Francis stepped away from the fire into the white air, and for a time Banks was alone again; then a slender figure appeared from a little away to his left, saying again, ‘Didn’t you see it then? Can’t you hear?’

‘No – no, there’s nothing there,’ said Banks, coming to his feet, kicking salt shingle over the fire: ‘There’s nothing there and I’m going home – let go of my hand! Only one child ever held it and she’s gone and won’t be coming back!’

The cold hand in his had a strength out of all proportion to its fingers; the boy tugged at him, trying to draw him near the incoming tide, saying, ‘Look harder, look better, don’t you see it?’

Banks shook him off, growing afraid, not of what lay out there on the wet mud but of the child, who stared so implacably back at him. ‘I’m going home now,’ said Banks, and turned away – then there came from close by the sound of something moving. It was a curious, low, muffled sound, deadened by the thickening fog; it was like the slow grinding of a jawbone, or of something scrabbling for purchase on the shore. Then there was a groan – rather high-pitched, and ending on something like a squeal – and the thick pale air lifted in the wind, and Banks saw the long low curve of something dark, hunched, in places glistening smooth and in others uneven and rough. It shifted against the shingle, and there was the groaning again; Banks called out to the boy, but the fog enclosed him in a pale shroud and he saw nothing. The glowing embers of the fire beckoned him, and he ran towards it, stumbling in the mud and the high tussocks of marsh-grass; once he fell, and felt his kneecap shift under his skin; then he half-hobbled home. As he went, his heart lifted, despite the terror:
I was right – oh, but I was right!

Francis, meanwhile, held his ground. He assumed he was afraid, since his palms were wet and his breath was coming fast, but as far as he was concerned that was no reason to turn tail. He rarely thought of Cora – not out of contempt, but because she was a constant, and so seemed hardly worth troubling over. But he thought of her then – of how often she bent over a fragment of rock, and sketched it; of how she’d beckon him over and tell him the names of what she’d found. Perhaps he could do the same, here, or something like it: observe a phenomenon at the closest of quarters, and make a report, and show her. The idea satisfied him; he walked on, and beyond the pale curtain the sun rallied, and the fog began to thin. The wet mud glistened gold, and water began to run in rivulets towards the shingle; there again was the sound of grinding, and a dark shape shifting a few yards distant appeared as slowly as if it were just that moment being formed out of the air. Francis stepped forward. A low gust came from the east and whipped at the fog, and there was a bright clear moment in which he saw plainly what it was that had been cast up on the shore.

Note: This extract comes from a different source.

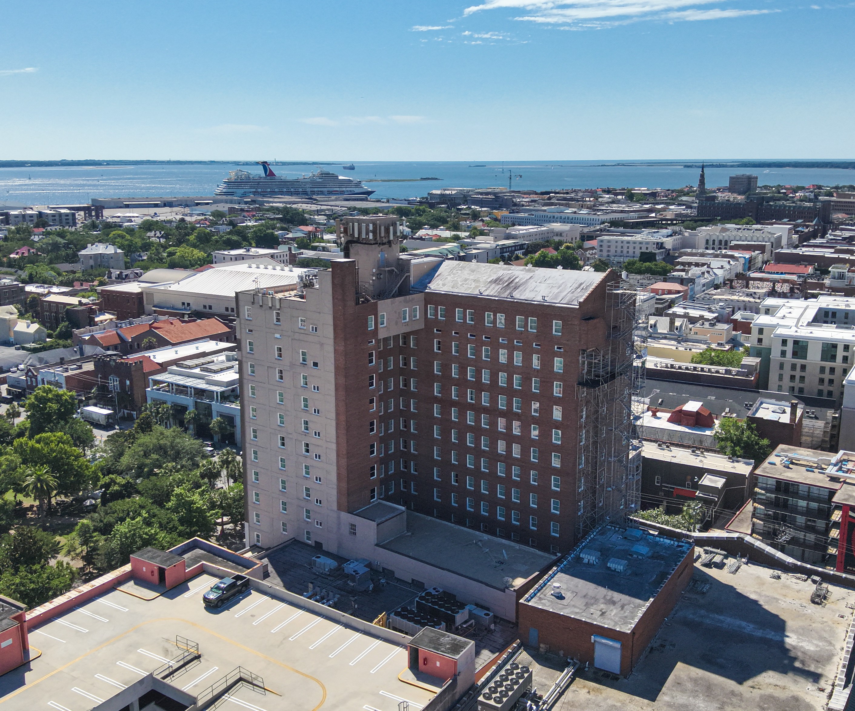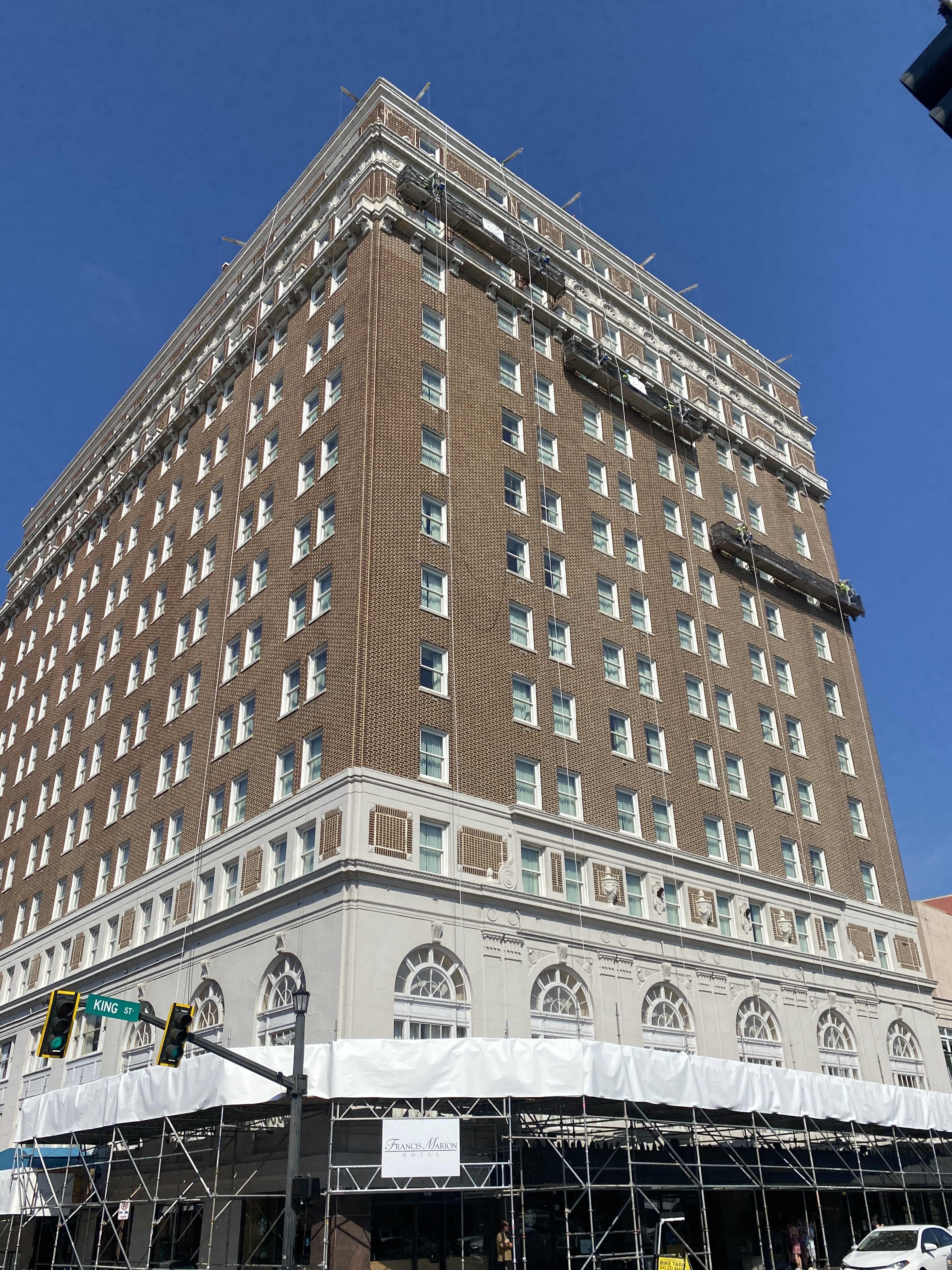 Scope: In 2020, due to various issues such as water intrusion, visual wearing, and deterioration, the ownership initiated a comprehensive assessment of the building envelope and structure. The design and scope generation for the restoration required extensive historical research on the construction and engineering of the building, existing material petrographic analysis, compressive strength analysis, and mathematical engineering — all geared to the standards of the ICRI, the 2016 building code, and the City of Charleston. Standing over 180 feet above Charleston's streets, the hotel presented unique challenges from the very beginning. Traditional inspection methods wouldn't suffice for a structure of this magnitude and historical significance. The team turned to cutting-edge drone technology, combining it with meticulous historical research, public records, observations from the Historic Charleston Foundation, and countless hours of watching the building during rain events to understand exactly how water was finding its way inside. The investigation revealed a building that had many architectural changes over the decades. During the 1930s, when the 12th floor was transformed from a dance hall into hotel rooms, engineers had added a cantilevered stairwell connecting the 11th and 12th floors — an architectural afterthought that would later become one of the project's greatest challenges. This project can be divided into 4 primary phases, each with its own inspection, evaluation, scope generation process, access, and restoration process. The restoration began with the King Street elevation, where the team initially relied on drone technology, binoculars, and keen observation to assess the scale of problems with the brick veneer and ornamental terracotta features. The preliminary analysis suggested that water intrusion was primarily caused by deteriorated skyward-facing mortar joints in the terracotta, organic growth promoting further water penetration, and failing window perimeter sealants. However, as with many restoration projects involving century-old buildings, direct access revealed surprises. When four swing stages were deployed to reach the affected areas, the scope expanded dramatically. The team discovered corroded window lintels beyond acceptable tolerances, rotted wood windows, and unsound brick and terracotta masonry units that hadn't been visible from the ground level. The breakthrough came at the 10th floor windows, located directly beneath the building's largest terracotta outcrop features. Here, the corroded lintels told a story of water intrusion that had been building for decades. All water infiltration from above was funneling to this critical water table, where it either pooled and contributed to lintel corrosion or found its way into the building through 10th-floor ceilings. With the root cause identified, the team implemented a comprehensive solution: organic growth removal, mass brick repointing, brick replacement, stitch tie installation, terracotta unit repairs, glazing, mortar joint replacement, lintel replacement, through-wall flashing installation, and the application of a complete masonry water-repellent system. The most challenging aspect was accessing a beam that hung precariously over the building's back inside corner. This required constructing a complex scaffold and swing stage system that pushed the boundaries of safe access engineering—a testament to the ingenuity required when working with historic structures that weren't designed with modern maintenance in mind.

He numbered his feelings as accurately as any of his treasures: first it was relief he felt, as his breath slowed and his heart’s beating subsided; then disappointment; then hard on its heels came mirth. Laughter bubbled up in him and could not be suppressed; he had to ride it out like a coughing fit, or as if he were being sick. After a while the laughter died back, and he was himself again, drying his eyes with his sleeve, considering how best to proceed. What he’d seen was gone now – hidden behind a fresh bank of fog, or borne out again on the lapping tides – and it was important to settle on what he should do next. Certainly he ought to tell somebody, and it was Cora he thought of first. But no – he ought not to have been out-of-doors so early in the morning – he imagined her discarding his account in favour of explaining that he had done something wrong, and the idea was intolerable. Then he remembered Stella Ransome, and how he’d visited her in her blue bower, and how she’d let him touch her treasures, and how readily she’d understood that in his own pockets there’d been a bent coin, a fragment of gull’s egg, and the empty cup of an acorn. He’d grown so used to being greeted with bemusement and suspicion that her immediate affection earned her his absolute loyalty. He’d tell her what he’d seen, and she’d tell him what to do.